Ramblings at 2AM

Kel texted me this afternoon and said “Are you sure you want to stay broke up?” so I texted him back and said, “No, I made a terrible mistake. Can you forgive me?” So he says, “Yes. Can I come over tonight?” So I said, “Yes, let me jump in the shower and text me when you get near.”


So he came. It was very sweet, like old friends reconnecting. He stayed for several hours and we talked about lots of things…but we said nothing at all about how I had texted him several months ago and said, “I think we should break up. You want different things than I do.”

So he texted me back and said, “I can change.”

And I said, “No, I don’t want you to change just so we can be together. It’s me that needs to change anyway.”

That was that. He was out of my life and that was probably best anyway. Who cares about loneliness? It’s not that bad. I’m not ready for a relationship. They scare the shit out of me.

Some days I want to just give up on life and not do life again. It’s too painful! I can’t make it another day. But then something like this happens and you start to think that there might be some reason to keep living. So I’m trying to decide if there is or not.
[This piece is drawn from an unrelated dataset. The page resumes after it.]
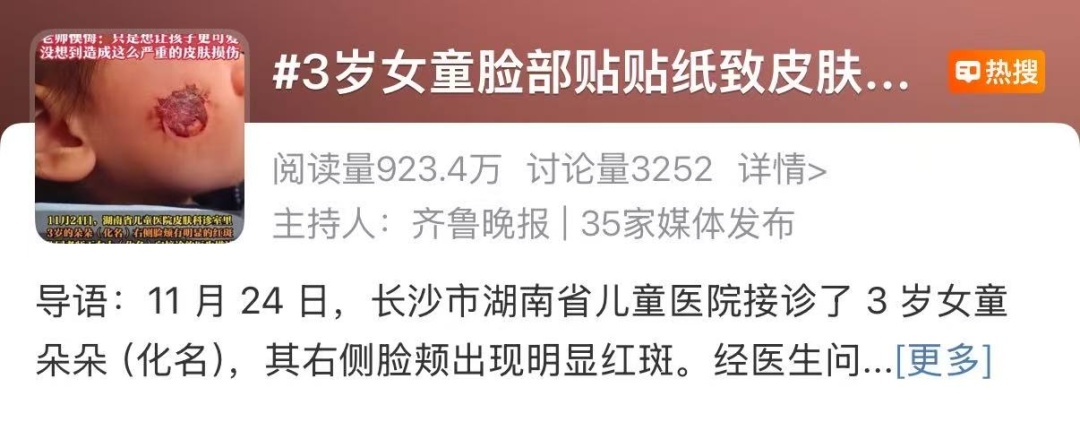 11月24日上午,湖南省儿童医院皮肤科诊室里,一名3岁女童右侧脸颊有明显的红斑。据了解,女童所在的幼儿园为筹备节日活动,老师们从某电商平台购买了一批贴纸,贴在孩子脸部。
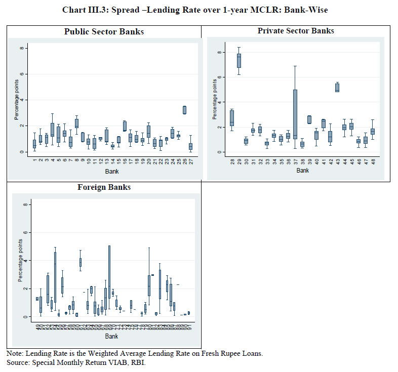 9. Being an internal benchmark, the MCLR is expected to vary across banks. The spread over the MCLR could also vary from bank to bank due to idiosyncratic factors. However, variations in the spreads across banks appear too large to be explained based on bank- level business strategy and borrower-level credit risk. In particular, spreads charged by some banks seem excessively and consistently large. The analysis suggests that the spreads were mostly changed arbitrarily by banks for similar quality borrowers. While the spread over the MCLR was expected to play only a small role in determining the lending rates by banks, it turned out to be the key element in deciding the overall lending rates. This has made the entire process of setting lending interest rates by banks opaque and impeded the monetary transmission.

For some reason that I don’t understand, Kelvin likes me. And he’s a really good looking guy – a graduate of Texas A & M (Go Aggies!) Good job. Dresses sharp. Drives an orange corvette. Why does he like me? I don’t even like me, so how could he?

I can’t figure it out. I’ve tried, but 2 + 2 doesn’t equal 4 this time. There’s no good reason for that man to like or care about me and want me in his life. So this leaves me quite mystified. Life can be so daunting sometimes and it’s like that today. There’s no rhyme or reason. This is just the way it is. So a little voice spoke to me out of the mist, or out of the heavens, from behind that pink cloud. He said:

Figure it out on your own. Understand it in your own way. At your own time. You’re entitled to personalize your recovery. Spend some time to get it right. You’re worth the extra trouble. You don’t have to KNOW every answer. Let some things go! Just say bye-bye and watch it float away.


So I closed my eyes again to pray and saw a white room. The walls and windows were fashioned of those old 1X12 planks painted white. It was my spiritual house. God lets me see it sometimes in a dream or vision. He always has a different purpose for showing it to me. Once in a dream, the walls weren’t sturdy and heavy rain was soaking them so much that they got soggy and fell over. Water came in saturating everything.

I started looking around in my life to see where my house was weak and flimsy and finally found the problem. So I fixed it and pretty soon my spiritual house was strong and beautiful again. So the dreams and visions always mean something and it’s important to find out their meanings and take action.

Kel is back but what does that mean? Why does he like me? I feel like I should know a lot more about life and love than I do.